По сути, сборник действительно не о семье, а о чём-то похожем: так у Евгении Некрасовой в её тяжеловесных «Потаповых» семья оказывалась набором каких-то очень похожих и ненавидящих друг друга людей, так и у Грачёва «немного о семье» сказать не получается – он говорит об отдельных людях, которых когда-то что-то свело вместе, а сейчас, прямо при читателе, разводит. Это определённый вид вуайеризма через текст – ощущение, что подглядываешь в замочную скважину, и неловко, и обидно, и местами даже хочется вмешаться в происходящее, но дверь-то, понятное дело, закрыта. Местами тонко, местами слишком метко, Грачёв рассказывает холодящие сердце истории так, как будто то ли сидит с тобой за одним столом поздним вечером, и грустно говорит «а у коллеги моего с завода вон что», и хочется пожалеть этого самого коллегу, потом – жену этого коллеги, потому что, на самом деле, это ещё вопрос, кого тут на самом деле надо жалеть. Образы живут – пожалуй, это самая яркая черта прозы Грачёва. Он столь же наблюдателен, как и его собрат по внезапной славе Алексей Сальников (они даже, впрочем, даже внешне чем-то похожи) – Грачёв очеловечивает текст синей курицей из «Пятёрочки», гудящими после смены ногами, ковром, в который утыкаются герои, отвернувшись к стенке, липким чувством осознания того, что тебе изменили (или собираются изменять), его герои прямо-таки дышат со страниц, до того они настоящие; некоторых хочется как-следует встряхнуть и сказать «беги!», некоторых просто пожалеть, некоторым надавать по первое число, потому что – ну в самом деле, бесят, сволочи. От рассказа к рассказу этих «семейных» историй появляется очень ясное чувство накатывающей безысходности – кажется, автор не оставляет ни единого шанса на «простое человеческое счастье», которое, как известно, прячется где-то во фразе про вторую половинку и стакан воды в старости. От осознания того, что все мужики, скорее всего, изменяют, женщины предпочитают этого не замечать и насилуют своей этой любовью и «кому я нужна в такие годы», дети неуверенно, но совершенно точно идут по стопам родительских ошибок, хочется выть и срочно посмотреть какую-нибудь ванильную голливудскую мелодраму, где все друг друга любят, курица не умирала своей смертью, а вместо «Пятёрочек» обед готовит услужливая филиппинка.

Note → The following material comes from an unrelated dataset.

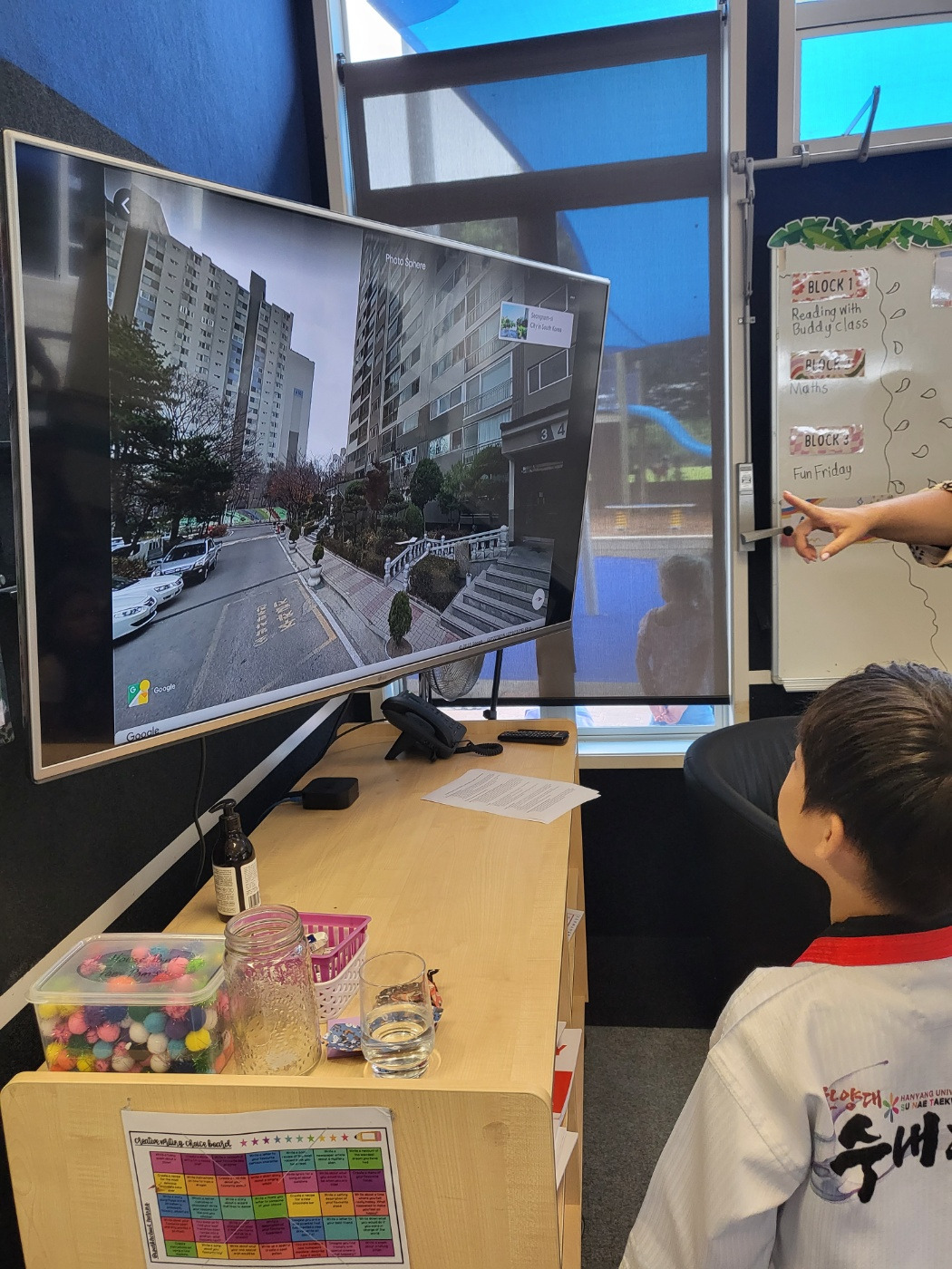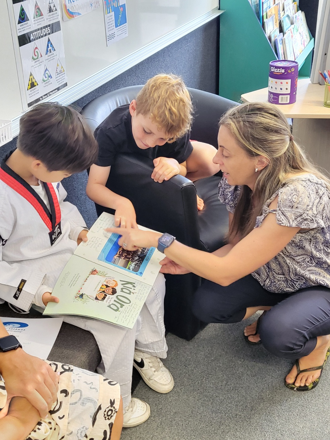그날 수업을 모두 마치고 선생님은 특별한 시간을 마련해 주셨다. 큰 스크린에 구글 맵을 띄워 기민이가 사는 나라, 다니는 학교, 집을 찾아서 보여주셨다. 그리고 한국이나 기민이에 대해 궁금한 점이 있으면 질문하라고 하셨다. 아이는 용케 질문들을 다 알아듣고, 서툴지만 자신이 할 수 있는 영어 표현을 총동원하여 성의껏 답했다. 어떤 친구가 우리가 사는 아파트를 보고는 그 건물이 통째로 우리 집인 줄 알고 부자냐고 물어서 한바탕 웃음바다가 되었다. 뉴질랜드에서는 대도시가 아니면 모두 낮은 건물에 살기 때문에 고층 건물에 사는 것이 신기한 모양이었다. 선생님은 기민이에게 상냥함으로 반 친구들에게 모범이 되어주어 고맙다는 상장을 수여하셨다. 그리고 반 아이들과 함께 찍은 사진과 메시지 그리고 뉴질랜드 문화에 대한 동화책을 선물로 받았다.

Конечно, при таком наборе можно обвинить Грачёва в навешивании гендерных и всяких других ярлыков – но проблема в том, что от этого не поменяется совсем ничего: реальность останется очень реальной, женщины не перестанут таскаться за мужьями-изменниками и варить им куриные бульоны, взвалив на себя абсолютно всё, что только можно (и нельзя) поднять, платить чужие кредиты и переживать за молодых сотрудниц, на которых обязательно засмотрится супруг (потому что имеет право, ведь он – мужчина, это в его природе). Проза Грачёва, вероятно, не расскажет ничего нового, в отличие от его дам-соседок по призовым местам, не вскроет социальные нарывы и не поразит орнаментом магических слов, от которых мог бы теоретически расплакаться Маркес. Нет, он про другое, но никто не отменял то приятное чувство от настоящего, честного текста, когда хочется закурить, хотя никогда в жизни этого не делал, и долго думать о том, почему оно вообще всё так, в чём счастье и как мы все вообще живём – немного ли о семье или не много?
Кристину Гептинг‚ Евгению Некрасову, Андрея Грачева, а также победителей в соседней поэтической номинации Владимира Косогова, Дану Курскую и Григория Медведева после вручения премии издали под твёрдой обложкой - не удивительно, что смелость проявила именно редакция Елены Шубиной, которая выступает за русскую словесность и вполне поддерживает «Лицей» в поисках новых имён. Хороши авторы или нет, каждый может решить сам, но, однако, нельзя не порадоваться за то, что у нас это всё-таки возможно - быть молодым писателем, победить в конкурсе, быть обсуждаемым и даже издаваться в бумаге.
Если публикация вам понравилась, ставьте "пальцы вверх" и подписывайтесь на канал, он будет изредка появляться в вашей ленте "Дзена".
"Подзеним" вместе! Другие книжности на телеграм-канале "Книгиня"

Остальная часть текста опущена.